Actually trisetup rate is a fundamental characteristic of a rasterizer.
Ever since Fermi, the trisetup has been carried in the PolyMorph (tm) (r) (c) engine, which traditionally has been coupled to a SM - a PolyMorph engine per SM. Now (and here comes the tricky part), every PolyMorph engine can do the trisetup for the pertinent SM to carry out its
part of a triangle. So there's the implicit notion that a triangle may (and often will) span multiple SMs. And indeed, a triangle entity needs to pass some other stages before it even gets to the trisetup stage (carried by the PolyMorph), and there happens a sort of a bottleneck - a triangle can be dispatched to one or more GPC (Graphics Processing Cluster), based on its screen footprint, but a GPC does
one tri per clock.

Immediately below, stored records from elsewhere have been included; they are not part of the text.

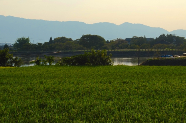 周辺は大和盆地野池群。起源は平安時代にさかのぼる歴史ある方形の皿池が数え切れないほどある。
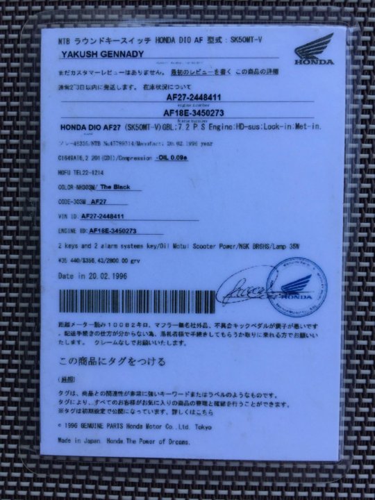 Документы хонда дио 109 фото
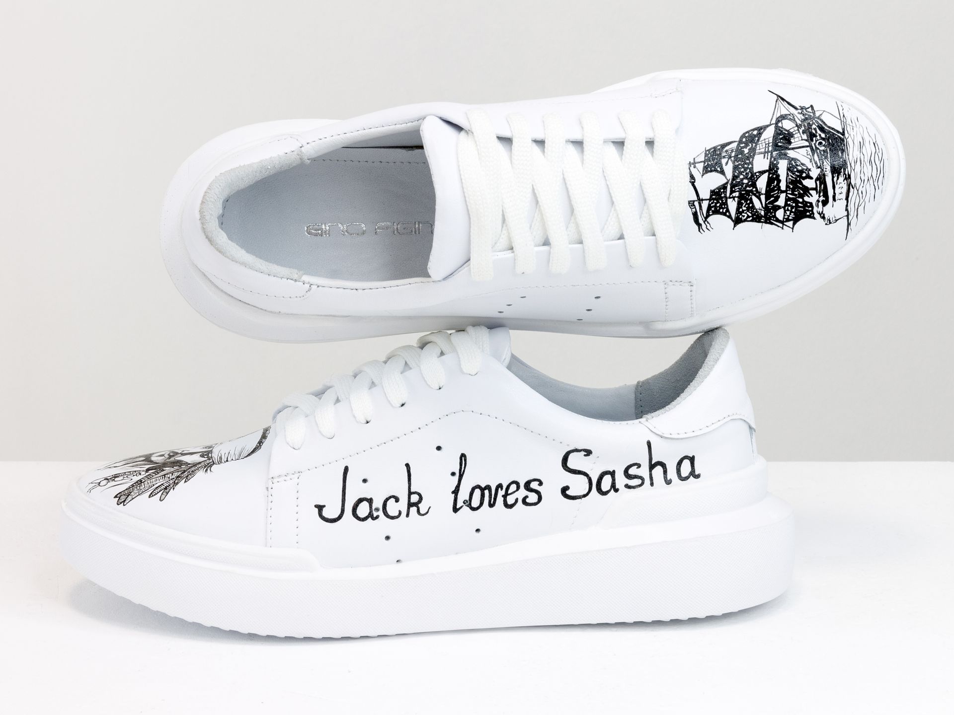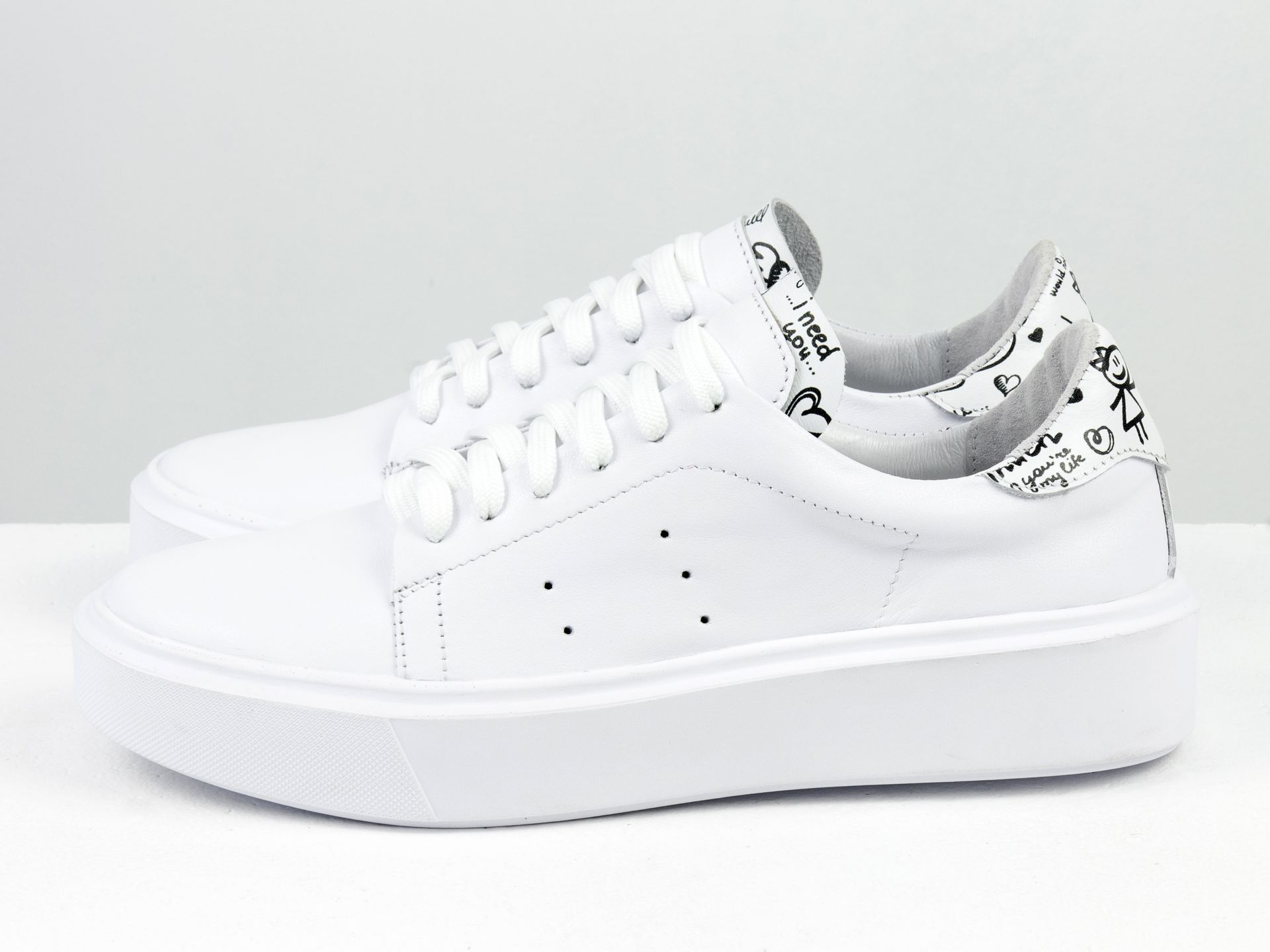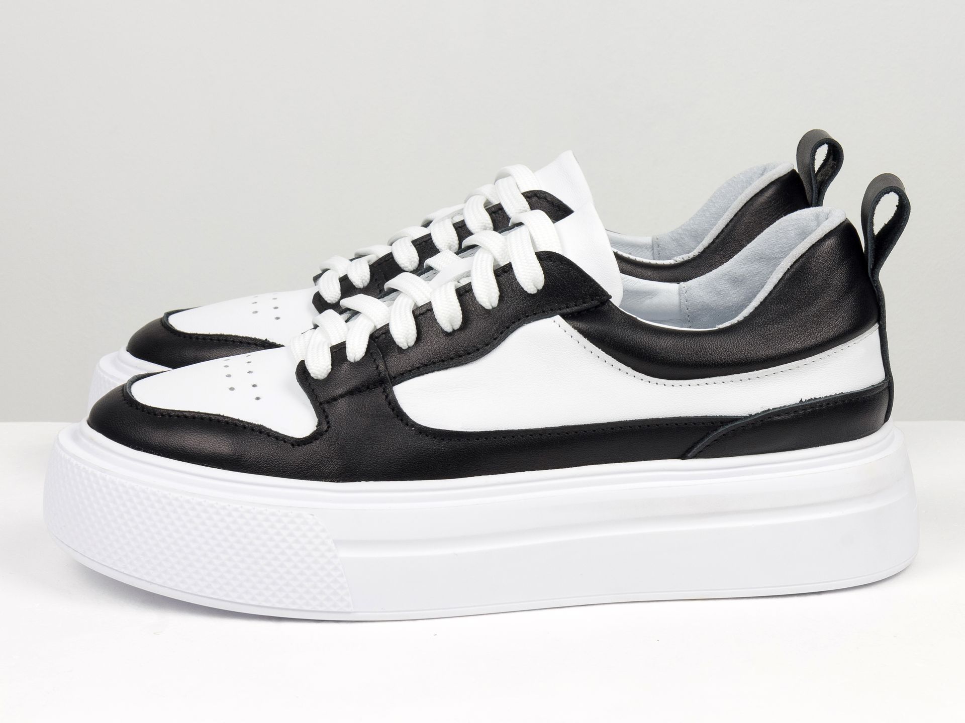 Женские кеды из натуральной кожи белого и черного цвета на утолщенной подошве Gino Figini

So if a GTX1080 has 4 GPCs, that translates to 4tri/clock, even though it has as many as 5 SMs per GPC = 20 SMs, each with a PolyMorph engine, each capable of a trisetup per clock. Alas. The entire issue stems from this 'a tri shall span multiple GPCs' notion - and it is technically (and most importantly - statistically) true - tris more often than not are big enough to span multiple screen tiles - the workload unit of the GPC/SMs within a GPC. Here's some very informative
read on the subject. Now, since Tegras have traditionally had just one GPC, that means they're traditionally 1 tri/clock.